All of the Catholic entities in the diocese are covered by
the $37 million settlement, so they will be given protection by
the bankruptcy court from future claims even though they didnt
file under Chapter 11.

Five Roman Catholic dioceses filed Chapter 11 petitions to
settle sexual abuse claims. Spokane, Washington; Portland,
Oregon; and Tucson, Arizona, previously emerged from Chapter 11.
The Chapter 11 case of the diocese in San Diego will be dismissed
to complete a settlement out-of-court.

The Davenport diocese filed under Chapter 11 in October
2006, just after a September 2006 jury verdict awarding $1.5
million on a sexual abuse claim.

The case is In re Diocese of Davenport, No. 06-02229, U.S.
Bankruptcy Court, Southern District Iowa (Davenport).

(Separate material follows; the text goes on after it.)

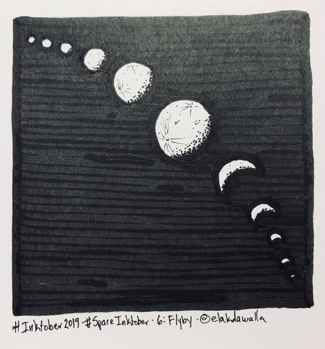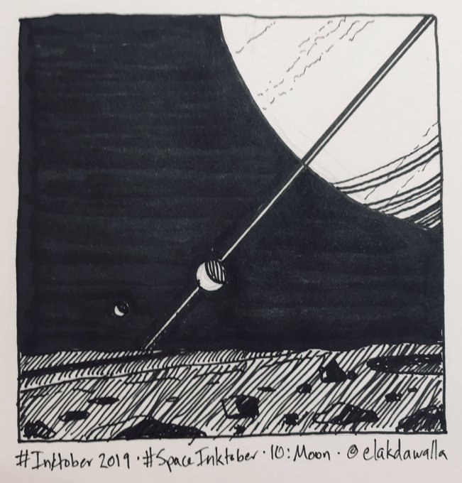 #Inktober2019 #SpaceInktober Day 10: Moon. I jumped the gun on this one, will do the day 9 prompt tomorrow. I just had to do a Saturn subject since yesterday’s “loss of signal” prompt had me in my feels about Cassini. This is Enceladus (closer) and Rhea as seen from Dione.

Peoples Choice Asking for More Time to File Liquidating Plan

Peoples Choice Financial Corp., a former subprime mortgage
originator, told the bankruptcy court on Jan. 29 its “in the
process of negotiating key provisions of a liquidating Chapter
11 plan with the creditors committee.

The company wants the exclusive right to file a plan
extended until March 31. So-called exclusivity otherwise would
have expired yesterday.

The official committee is entitled to file a plan under a
previous agreement with the company.

Peoples Choice sold the assets and generated $45 million in
gross proceeds.

Irvine, California-based Peoples Choice originated $5.5
billion in mortgage loans during calendar 2006 from 19 offices
around the U.S. After the Chapter 11 filing last March, the
company sold loan servicing rights, residual interests, and the
loan servicing and loan origination platforms.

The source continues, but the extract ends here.